%%

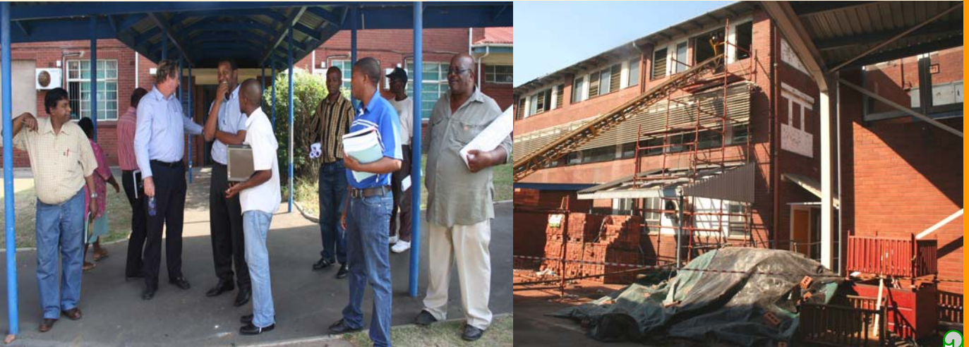
Above: Local and Provincial Team doing a walk about with the contractor before the renovations started. Left: I Block renovations on progress while below N Block roof is erected.

We are urging all stakeholders (patients, relatives, staff members and the community) to be patient with us while we are doing this work. It should also be noted that while renovations are taking place, we continue providing service to patients as wards below these ones are functioning.
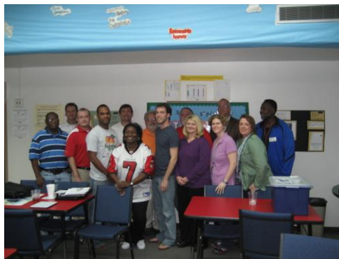
Middle and high school teachers participated in a certification workshop.

The Georgia Engineering and Technology Education (GETEA) Fall Conference featured pre-conference workshops, a vendor show, great teacher presentations, super general sessions, great industry tours such as, (CAT and KIA) and a first-class awards banquet. The conference was held on the campus of LaGrange College.

%%

YOUR INSTRUCTIONS
Please copy the data above exactly, omitting the pictures.

OUTPUT FOR THIS TASK
Above: Local and Provincial Team doing a walk about with the contractor before the renovations started. Left: I Block renovations on progress while below N Block roof is erected.

We are urging all stakeholders (patients, relatives, staff members and the community) to be patient with us while we are doing this work. It should also be noted that while renovations are taking place, we continue providing service to patients as wards below these ones are functioning.
Middle and high school teachers participated in a certification workshop.

The Georgia Engineering and Technology Education (GETEA) Fall Conference featured pre-conference workshops, a vendor show, great teacher presentations, super general sessions, great industry tours such as, (CAT and KIA) and a first-class awards banquet. The conference was held on the campus of LaGrange College.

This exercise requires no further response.